» Task directions: Wherever the word "Sunflower" turns up in a line of the entries, copy that line.

» Data for the task:

-- Opening Marker --

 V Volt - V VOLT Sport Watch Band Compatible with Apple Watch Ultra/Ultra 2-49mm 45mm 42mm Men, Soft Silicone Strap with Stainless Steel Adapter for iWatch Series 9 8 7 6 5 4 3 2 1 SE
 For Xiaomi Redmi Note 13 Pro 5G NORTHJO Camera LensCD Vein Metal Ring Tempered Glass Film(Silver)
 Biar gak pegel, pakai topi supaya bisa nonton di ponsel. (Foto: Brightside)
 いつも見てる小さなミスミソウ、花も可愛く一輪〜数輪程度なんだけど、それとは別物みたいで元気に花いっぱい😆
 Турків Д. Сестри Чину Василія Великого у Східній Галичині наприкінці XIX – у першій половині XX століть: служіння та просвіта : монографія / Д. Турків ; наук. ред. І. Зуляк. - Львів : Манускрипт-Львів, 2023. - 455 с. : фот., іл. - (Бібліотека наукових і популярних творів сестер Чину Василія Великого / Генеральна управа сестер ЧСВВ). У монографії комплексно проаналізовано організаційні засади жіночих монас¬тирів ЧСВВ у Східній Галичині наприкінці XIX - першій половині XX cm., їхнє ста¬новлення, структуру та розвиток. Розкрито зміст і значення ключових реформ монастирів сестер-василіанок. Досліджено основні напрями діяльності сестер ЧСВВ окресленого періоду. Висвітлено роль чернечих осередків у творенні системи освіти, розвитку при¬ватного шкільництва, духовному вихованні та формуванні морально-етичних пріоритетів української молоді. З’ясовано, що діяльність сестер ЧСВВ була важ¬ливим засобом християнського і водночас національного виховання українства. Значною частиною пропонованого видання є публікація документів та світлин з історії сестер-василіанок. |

-- Closing Marker --
-- Opening Marker --

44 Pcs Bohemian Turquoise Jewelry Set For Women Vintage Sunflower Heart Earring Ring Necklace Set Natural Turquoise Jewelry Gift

-- Closing Marker --
-- Opening Marker --

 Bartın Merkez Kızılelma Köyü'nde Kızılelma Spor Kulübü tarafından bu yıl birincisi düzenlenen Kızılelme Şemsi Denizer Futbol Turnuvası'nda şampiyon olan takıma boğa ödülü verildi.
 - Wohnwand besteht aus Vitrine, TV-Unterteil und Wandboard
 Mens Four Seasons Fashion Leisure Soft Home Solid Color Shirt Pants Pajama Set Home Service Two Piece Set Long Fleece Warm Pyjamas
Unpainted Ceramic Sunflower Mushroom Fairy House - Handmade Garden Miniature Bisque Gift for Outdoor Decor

-- Closing Marker --

» Solution to the problem:
44 Pcs Bohemian Turquoise Jewelry Set For Women Vintage Sunflower Heart Earring Ring Necklace Set Natural Turquoise Jewelry Gift
Unpainted Ceramic Sunflower Mushroom Fairy House - Handmade Garden Miniature Bisque Gift for Outdoor Decor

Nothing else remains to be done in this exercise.